EXERCISE: It is required that the lines from the top of the listing through the line with "İstanbul Tekstil ve" be reproduced exactly, excluding pictures.

DATA BLOCK:
■ ■ ■ ■

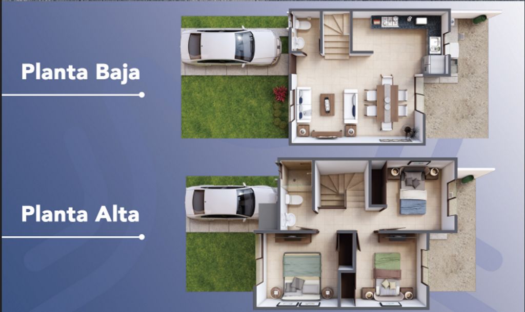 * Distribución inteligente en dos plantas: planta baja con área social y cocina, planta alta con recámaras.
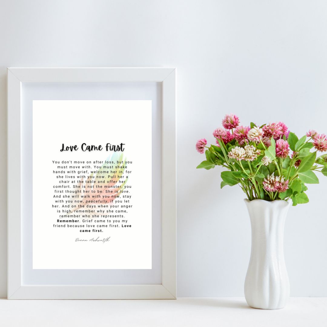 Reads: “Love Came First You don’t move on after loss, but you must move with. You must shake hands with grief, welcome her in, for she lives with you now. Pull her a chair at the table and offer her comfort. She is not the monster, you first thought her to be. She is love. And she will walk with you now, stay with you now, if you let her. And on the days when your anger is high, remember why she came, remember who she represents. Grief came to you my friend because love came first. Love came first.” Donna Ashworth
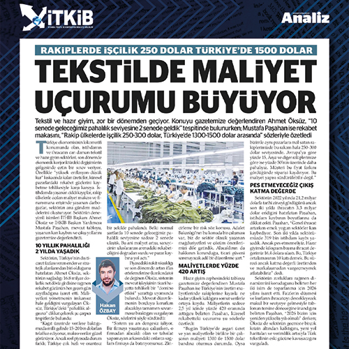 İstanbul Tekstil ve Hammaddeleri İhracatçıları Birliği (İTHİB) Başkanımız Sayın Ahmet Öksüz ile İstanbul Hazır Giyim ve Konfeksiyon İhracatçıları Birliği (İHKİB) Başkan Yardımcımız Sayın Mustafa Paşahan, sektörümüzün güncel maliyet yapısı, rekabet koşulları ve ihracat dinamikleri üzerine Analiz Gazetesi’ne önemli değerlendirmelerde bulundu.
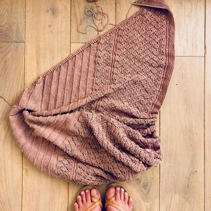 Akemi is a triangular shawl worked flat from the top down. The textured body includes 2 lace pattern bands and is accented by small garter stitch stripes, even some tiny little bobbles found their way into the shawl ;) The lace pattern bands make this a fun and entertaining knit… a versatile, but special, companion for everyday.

■ ■ ■ ■

ANSWER BELOW:
 * Distribución inteligente en dos plantas: planta baja con área social y cocina, planta alta con recámaras.
 Reads: “Love Came First You don’t move on after loss, but you must move with. You must shake hands with grief, welcome her in, for she lives with you now. Pull her a chair at the table and offer her comfort. She is not the monster, you first thought her to be. She is love. And she will walk with you now, stay with you now, if you let her. And on the days when your anger is high, remember why she came, remember who she represents. Grief came to you my friend because love came first. Love came first.” Donna Ashworth
 İstanbul Tekstil ve Hammaddeleri İhracatçıları Birliği (İTHİB) Başkanımız Sayın Ahmet Öksüz ile İstanbul Hazır Giyim ve Konfeksiyon İhracatçıları Birliği (İHKİB) Başkan Yardımcımız Sayın Mustafa Paşahan, sektörümüzün güncel maliyet yapısı, rekabet koşulları ve ihracat dinamikleri üzerine Analiz Gazetesi’ne önemli değerlendirmelerde bulundu.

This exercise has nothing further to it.